## PROBLEM TO WORK ON
Below are records; reproduce exactly the lines from the one that has "Квартира с кухней-гостиной" through the one that has "12月28日,芒果体育第五附", ends included, and nothing more.

## Items from a data source
• • • •
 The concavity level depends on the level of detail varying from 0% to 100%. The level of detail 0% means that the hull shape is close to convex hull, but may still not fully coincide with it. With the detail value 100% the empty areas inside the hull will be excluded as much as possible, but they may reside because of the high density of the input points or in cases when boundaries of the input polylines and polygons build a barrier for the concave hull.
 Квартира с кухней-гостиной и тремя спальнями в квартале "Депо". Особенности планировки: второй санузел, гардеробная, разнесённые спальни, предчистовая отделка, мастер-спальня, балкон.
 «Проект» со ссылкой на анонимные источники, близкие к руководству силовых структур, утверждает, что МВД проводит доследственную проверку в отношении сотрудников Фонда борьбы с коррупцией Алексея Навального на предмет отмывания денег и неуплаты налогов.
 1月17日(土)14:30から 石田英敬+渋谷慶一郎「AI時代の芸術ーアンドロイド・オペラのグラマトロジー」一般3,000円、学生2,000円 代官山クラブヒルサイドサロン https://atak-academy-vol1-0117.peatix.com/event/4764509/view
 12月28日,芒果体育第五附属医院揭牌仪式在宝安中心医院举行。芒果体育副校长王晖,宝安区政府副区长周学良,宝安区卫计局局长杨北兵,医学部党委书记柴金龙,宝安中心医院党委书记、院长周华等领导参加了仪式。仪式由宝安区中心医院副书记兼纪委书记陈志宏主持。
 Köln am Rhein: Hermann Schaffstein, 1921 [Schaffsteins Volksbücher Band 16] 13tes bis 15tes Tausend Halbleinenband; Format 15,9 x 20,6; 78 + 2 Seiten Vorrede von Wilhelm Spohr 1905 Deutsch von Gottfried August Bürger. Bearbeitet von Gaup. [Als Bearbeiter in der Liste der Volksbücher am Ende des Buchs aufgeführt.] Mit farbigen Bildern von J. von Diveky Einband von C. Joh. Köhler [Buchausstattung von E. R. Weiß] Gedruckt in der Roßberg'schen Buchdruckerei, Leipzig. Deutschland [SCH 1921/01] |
• • • •
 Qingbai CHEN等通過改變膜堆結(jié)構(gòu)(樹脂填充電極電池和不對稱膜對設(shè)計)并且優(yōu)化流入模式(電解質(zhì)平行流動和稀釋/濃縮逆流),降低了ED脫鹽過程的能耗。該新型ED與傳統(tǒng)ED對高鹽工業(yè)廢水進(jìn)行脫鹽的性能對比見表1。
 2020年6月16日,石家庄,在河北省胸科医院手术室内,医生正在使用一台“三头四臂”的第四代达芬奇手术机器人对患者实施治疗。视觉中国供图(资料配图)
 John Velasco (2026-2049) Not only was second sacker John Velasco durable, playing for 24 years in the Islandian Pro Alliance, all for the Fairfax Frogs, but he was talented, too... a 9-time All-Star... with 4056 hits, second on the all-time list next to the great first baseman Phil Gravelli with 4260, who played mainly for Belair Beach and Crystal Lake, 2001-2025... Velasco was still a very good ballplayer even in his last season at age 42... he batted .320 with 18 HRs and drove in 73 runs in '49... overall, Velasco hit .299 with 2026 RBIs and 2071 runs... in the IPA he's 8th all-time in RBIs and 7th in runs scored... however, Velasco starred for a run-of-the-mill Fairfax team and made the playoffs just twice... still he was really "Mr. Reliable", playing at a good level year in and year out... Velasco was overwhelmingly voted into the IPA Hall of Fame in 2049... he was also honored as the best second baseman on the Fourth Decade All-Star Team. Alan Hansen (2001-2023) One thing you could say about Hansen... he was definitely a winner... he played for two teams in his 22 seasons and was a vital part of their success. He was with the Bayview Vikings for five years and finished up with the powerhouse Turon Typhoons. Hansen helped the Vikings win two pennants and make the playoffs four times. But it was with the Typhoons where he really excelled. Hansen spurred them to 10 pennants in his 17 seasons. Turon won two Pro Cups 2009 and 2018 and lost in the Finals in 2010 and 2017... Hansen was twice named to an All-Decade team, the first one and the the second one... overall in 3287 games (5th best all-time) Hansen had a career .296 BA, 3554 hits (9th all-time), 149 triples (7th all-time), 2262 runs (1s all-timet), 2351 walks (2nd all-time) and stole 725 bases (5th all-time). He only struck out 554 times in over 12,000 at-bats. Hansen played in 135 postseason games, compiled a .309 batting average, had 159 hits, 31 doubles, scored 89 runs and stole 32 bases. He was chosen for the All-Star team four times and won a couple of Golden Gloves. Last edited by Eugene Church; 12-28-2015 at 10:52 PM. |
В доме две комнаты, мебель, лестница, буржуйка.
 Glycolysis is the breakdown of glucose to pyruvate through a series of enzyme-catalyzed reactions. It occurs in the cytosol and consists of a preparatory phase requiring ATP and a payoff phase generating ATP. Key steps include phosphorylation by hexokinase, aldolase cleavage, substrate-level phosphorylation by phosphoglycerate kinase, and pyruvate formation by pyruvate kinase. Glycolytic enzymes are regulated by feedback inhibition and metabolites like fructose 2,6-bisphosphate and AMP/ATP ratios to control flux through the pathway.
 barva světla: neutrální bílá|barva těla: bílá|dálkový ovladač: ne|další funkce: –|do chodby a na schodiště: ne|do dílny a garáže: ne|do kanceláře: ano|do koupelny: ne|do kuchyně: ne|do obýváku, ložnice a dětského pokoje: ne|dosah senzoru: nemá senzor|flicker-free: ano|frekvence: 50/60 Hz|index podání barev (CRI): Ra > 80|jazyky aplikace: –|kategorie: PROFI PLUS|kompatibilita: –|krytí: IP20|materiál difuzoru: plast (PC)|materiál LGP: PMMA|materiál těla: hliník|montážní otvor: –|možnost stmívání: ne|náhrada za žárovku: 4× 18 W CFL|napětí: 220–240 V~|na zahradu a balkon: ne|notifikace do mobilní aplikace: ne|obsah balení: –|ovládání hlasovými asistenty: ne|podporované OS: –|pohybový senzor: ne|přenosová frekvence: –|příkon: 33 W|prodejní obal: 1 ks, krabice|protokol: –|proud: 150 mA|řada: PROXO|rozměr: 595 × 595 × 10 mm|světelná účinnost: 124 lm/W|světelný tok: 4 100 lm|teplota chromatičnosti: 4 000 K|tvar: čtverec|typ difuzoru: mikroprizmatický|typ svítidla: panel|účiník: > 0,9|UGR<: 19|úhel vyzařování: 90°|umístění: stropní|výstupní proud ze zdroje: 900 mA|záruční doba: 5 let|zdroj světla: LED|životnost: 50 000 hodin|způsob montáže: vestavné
• • • •
## OUTPUT OF THE EXERCISE
 Квартира с кухней-гостиной и тремя спальнями в квартале "Депо". Особенности планировки: второй санузел, гардеробная, разнесённые спальни, предчистовая отделка, мастер-спальня, балкон.
 «Проект» со ссылкой на анонимные источники, близкие к руководству силовых структур, утверждает, что МВД проводит доследственную проверку в отношении сотрудников Фонда борьбы с коррупцией Алексея Навального на предмет отмывания денег и неуплаты налогов.
 1月17日(土)14:30から 石田英敬+渋谷慶一郎「AI時代の芸術ーアンドロイド・オペラのグラマトロジー」一般3,000円、学生2,000円 代官山クラブヒルサイドサロン https://atak-academy-vol1-0117.peatix.com/event/4764509/view
 12月28日,芒果体育第五附属医院揭牌仪式在宝安中心医院举行。芒果体育副校长王晖,宝安区政府副区长周学良,宝安区卫计局局长杨北兵,医学部党委书记柴金龙,宝安中心医院党委书记、院长周华等领导参加了仪式。仪式由宝安区中心医院副书记兼纪委书记陈志宏主持。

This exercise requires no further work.